To work with Neural Networks - and many other supervised machine learning techniques - it's necessary to gather an amount (maybe a lot) of training samples; that is, pixels samples, in case of Remote Sensing. The under consideration LCLU classes of such pixels, of course, must be known prior training phase, such that they can be used as input training samples for the learning algorithm to work. 

One way to get labeled samples is by performing a Spectral Angle Mapper (SAM) classification, the Pycoal's default algorithm. The aforementioned files were generated by SAM, with the [example_mineral.py](https://github.com/capstone-coal/pycoal/blob/master/examples/example_mineral.py) script, which created three versions of the clipped scene: a RGB image, derived from the orginal hyperspectral image; a classified image, in which each pixel's color denotes a distint LCLU class (e.g. red representing Schwertmannite cover); and, a "scoremap" in which each pixel holds the confidence value yielded by SAM classification for the pixel's assigned class (the lower the score, the darker the pixel).
![Regio of Interest](clipped.png)

### 1.1 The challenge
Now, the challenge is, given the sample space, choose the best subset of pixels that better suit the requirements of the learning algorithm. It is well known that a properly balanced set of training samples increases the overall model's accuracy. In other words, if we carefully pick the right set of samples used to train the model, it will be able to better generalize predictions over new unlabeled pixels. For example, it would be nice if - given a subset of pixels of which we know with confidence that belongs to the Schwertmannite class - we could predict every other unkown Schwertmannite pixels of the scene. The same procedure can be applied to any other LCLU class and this is what we are able to do through the use of the RNNs models included into Pycoal library.

### 1.2 Hands on
The following steps guide us through the creation of a balanced training data set aiming to train a RNN model capable of highlight pixels of a USGS spectral library class entitled *Schwertmannite BZ93-1 s06av95a=b*. If everything goes well, two shapefiles (and its aggregates) shall be created: **points_schwert.shp** and **points_nonschwert.shp**. 

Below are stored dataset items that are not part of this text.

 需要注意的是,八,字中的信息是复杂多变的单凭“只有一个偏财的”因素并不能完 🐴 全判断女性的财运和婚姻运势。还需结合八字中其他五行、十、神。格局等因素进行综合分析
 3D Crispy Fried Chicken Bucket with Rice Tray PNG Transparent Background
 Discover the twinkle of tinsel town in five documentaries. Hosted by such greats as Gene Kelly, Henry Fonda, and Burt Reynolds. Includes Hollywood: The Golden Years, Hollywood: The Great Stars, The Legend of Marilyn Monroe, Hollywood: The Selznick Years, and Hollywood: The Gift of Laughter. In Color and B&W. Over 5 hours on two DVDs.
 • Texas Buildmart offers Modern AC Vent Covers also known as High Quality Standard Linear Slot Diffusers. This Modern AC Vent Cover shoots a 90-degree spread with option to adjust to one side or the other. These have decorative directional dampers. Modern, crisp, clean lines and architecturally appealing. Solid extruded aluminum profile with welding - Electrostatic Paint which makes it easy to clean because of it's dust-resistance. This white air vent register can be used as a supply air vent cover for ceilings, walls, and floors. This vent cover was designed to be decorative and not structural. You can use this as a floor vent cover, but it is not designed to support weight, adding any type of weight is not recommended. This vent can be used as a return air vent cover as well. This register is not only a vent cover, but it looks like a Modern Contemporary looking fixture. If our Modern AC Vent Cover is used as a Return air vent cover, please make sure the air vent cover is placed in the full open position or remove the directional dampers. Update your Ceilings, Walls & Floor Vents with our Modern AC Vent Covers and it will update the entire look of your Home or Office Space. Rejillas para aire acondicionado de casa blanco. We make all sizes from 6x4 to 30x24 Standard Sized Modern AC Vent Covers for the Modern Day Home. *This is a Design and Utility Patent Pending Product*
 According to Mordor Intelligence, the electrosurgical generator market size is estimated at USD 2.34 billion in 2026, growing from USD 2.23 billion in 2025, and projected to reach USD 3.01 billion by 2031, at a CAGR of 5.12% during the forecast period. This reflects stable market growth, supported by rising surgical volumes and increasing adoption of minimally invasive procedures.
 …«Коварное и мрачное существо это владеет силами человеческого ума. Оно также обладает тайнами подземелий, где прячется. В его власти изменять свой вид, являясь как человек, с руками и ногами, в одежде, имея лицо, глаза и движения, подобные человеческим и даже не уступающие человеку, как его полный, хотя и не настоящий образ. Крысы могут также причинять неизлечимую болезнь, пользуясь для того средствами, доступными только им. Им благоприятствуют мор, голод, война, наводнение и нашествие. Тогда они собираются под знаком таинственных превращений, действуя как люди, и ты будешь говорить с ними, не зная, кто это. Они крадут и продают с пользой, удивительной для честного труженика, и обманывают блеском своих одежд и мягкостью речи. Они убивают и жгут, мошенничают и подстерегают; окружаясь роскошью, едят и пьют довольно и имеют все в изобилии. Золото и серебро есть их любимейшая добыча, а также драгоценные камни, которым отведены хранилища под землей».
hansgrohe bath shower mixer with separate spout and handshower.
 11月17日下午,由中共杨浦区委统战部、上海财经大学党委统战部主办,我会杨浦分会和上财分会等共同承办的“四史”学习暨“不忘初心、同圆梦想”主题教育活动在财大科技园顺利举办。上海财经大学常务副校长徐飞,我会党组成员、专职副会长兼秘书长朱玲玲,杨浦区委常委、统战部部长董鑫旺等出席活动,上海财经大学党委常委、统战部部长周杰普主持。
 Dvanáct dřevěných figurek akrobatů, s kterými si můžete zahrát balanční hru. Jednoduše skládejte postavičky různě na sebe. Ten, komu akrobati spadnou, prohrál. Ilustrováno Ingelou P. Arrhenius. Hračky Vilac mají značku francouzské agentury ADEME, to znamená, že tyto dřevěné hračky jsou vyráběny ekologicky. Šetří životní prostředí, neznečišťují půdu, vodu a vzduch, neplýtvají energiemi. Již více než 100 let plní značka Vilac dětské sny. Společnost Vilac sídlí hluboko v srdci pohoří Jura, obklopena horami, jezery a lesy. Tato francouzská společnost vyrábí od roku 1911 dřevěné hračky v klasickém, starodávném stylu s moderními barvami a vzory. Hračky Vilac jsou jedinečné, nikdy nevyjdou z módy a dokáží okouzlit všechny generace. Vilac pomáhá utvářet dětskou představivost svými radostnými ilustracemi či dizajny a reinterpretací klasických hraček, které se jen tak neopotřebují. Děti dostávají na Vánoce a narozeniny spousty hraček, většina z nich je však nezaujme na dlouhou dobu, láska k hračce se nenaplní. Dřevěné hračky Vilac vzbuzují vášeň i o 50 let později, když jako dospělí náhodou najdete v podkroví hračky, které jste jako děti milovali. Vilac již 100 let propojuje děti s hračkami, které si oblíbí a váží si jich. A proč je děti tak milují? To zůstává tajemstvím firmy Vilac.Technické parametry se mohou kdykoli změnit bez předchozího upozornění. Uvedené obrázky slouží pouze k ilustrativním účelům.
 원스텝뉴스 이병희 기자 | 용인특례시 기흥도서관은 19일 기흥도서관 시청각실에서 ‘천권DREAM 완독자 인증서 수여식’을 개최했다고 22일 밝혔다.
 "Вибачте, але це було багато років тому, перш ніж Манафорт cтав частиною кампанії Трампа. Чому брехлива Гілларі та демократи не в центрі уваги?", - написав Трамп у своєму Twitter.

#### Step 1: Create a grid of regular points

We are going to create a shapefile of type *Point* with a grid of equally spaced points, each placed right in the center of each image's pixel. This is going to be accomplished using the "Regular Points" algorithm of QGIS. If you are using QGIS 3.2.1, after importing the aforementioned classified image (*ang20150420t182050_corr_v1e_img_class_clipped.img*) to your current project, navigate through menus *Vector* > *Research Tools* > *Regular Points...*. Once opened, at the *Input extent* field, click on the ellipsis button and choose *Use layer/canvas extent*. You will be promped to pick one of the loaded layers of yor project; choose the option that refer to the previously loaded raster and hit OK. Now you'll have to input in the field *Point spacing/count* the value of the scene's pixel size: 1.1 (meters). At the field *Initial inset from corner (LH side)*, input half the value of the scene's pixel size: 0.55 (meters). Select the proper *Output layer CRS* option, usually *EPSG:32612 - WGS 84 / UTM zone 12N*. Finnaly, inform the name of the output file: *grid_points.shp* and hit the button *Run in Background*.
![Regio of Interest](regular_points.png)

**Note: If you don't want or can´t perform this step, just go ahead; required files were already created.**

#### Step 2: Extract raster values into points
Now, we have to extract the values from the pixels of the rasters *ang20150420t182050_corr_v1e_img_class_clipped* and *ang20150420t182050_corr_v1e_img_score_clipped* into the points created in previous step. To do that, we are going to use a QGIS Plugin called *Point sampling tool*. You can install it by navigating through menus *Plugins* > *Manage and Install Plugins...*; typing "Point sampling tool" in the *Search* field and clicking *Install Plugin*. Before opening the plugin, make sure to import the two aforementioned rasters and make theirs layers visible. You can now open the Plugin in *Plugins* > *Analyses* > *Point sampling tool*. Once opened, select *grid_points* at the *Layer containing sampling points* menu. In the field *Layers with fields/bands to get values from:*, select the two rasters. At the same tab, input the path where to save the output shapefile in the *Output point vector layer*: grid_classified.shp. Now, go to the second tab *Fields* and set the following field names to each of the rasters: *clsUSGSv6* for the class raster; and *SAMscore* for the scores raster.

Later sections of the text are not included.